In the spring of 1883, William Scott formed the New York, Philadelphia and Norfolk Railroad Company, intending to extend rail service from New York to Norfolk, Virginia. Scott saw an opportunity to bring crops and oysters to Philadelphia and New York, and to ship goods from the north to reconstruction efforts in the south. After purchasing 2,500 acres near the southern tip of the Delmarva peninsula, Scott laid out plans for a city, which would serve as the southern terminus of his new railroad.
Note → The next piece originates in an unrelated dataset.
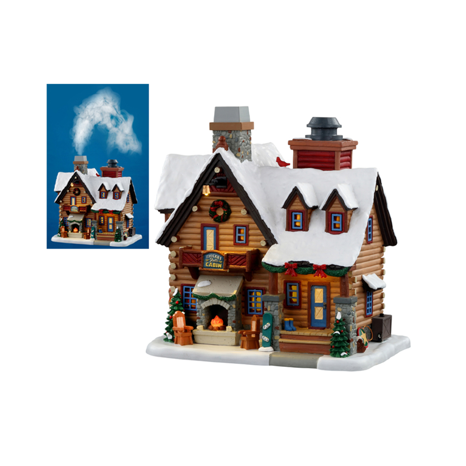 Crea il tuo villaggio di Natale con le decorazioni Lemax e apri le porte di casa tua alla magia e alle musiche del Natale. Finemente decorate e curate nei minimi dettagli, le decorazioni natalizie Lemax contribuiranno a rendere speciale la tua casa, tra la gioia di grandi e piccini. Questa decorazione rappresenta una meravigliosa baita con del fumo che esce dal camino. Con luci che si illuminano, si alimenta tramite presa di corrente o 3 batterie AA (non incluse). Collezione: Vail Village. Dimensioni: 22 x 17 x 22,5 cm.

Cape Charles would be built on a dredged, deep-water harbor, where barges could ferry rail cars across the mouth of the Chesapeake Bay, connecting with the Southern Railroad in Norfolk. “Few people in this country know that within seven hours of Philadelphia and nine hours of New York they can reach a climate as mild and balmy as that of Marseilles in France,” Scott told a Philadelphia newspaper at the time.

Today, we are all heirs of Scott’s great vision to enjoy a town so charming and well positioned as Cape Charles. Railroads have come and gone, ferry services expanded and contracted, and the great Chesapeake Bay Bridge Tunnel was built. Cape Charles has seen its fortunes rise and fall. Where once the residents of New York and Philadelphia were interested in how quickly they could get Cape Charles oysters, today they are more interested in how quickly they can get to the town itself. The best way, of course, is running down by boat.

Cape Charles is the perfect destination for boaters. The city’s deep-water harbor is maintained for a commercial wharf and two recreational marinas. The municipal marina near the entrance of the harbor serves recreational boaters, along with a fleet of charter and commercial fishing boats. Slightly farther back in the harbor lies the new Cape Charles Yacht Center, which has made the city a serious contender for yacht service.

Cape Charles may be a short run from many ports in the region, but you’ll land in a charming oasis that feels a world away.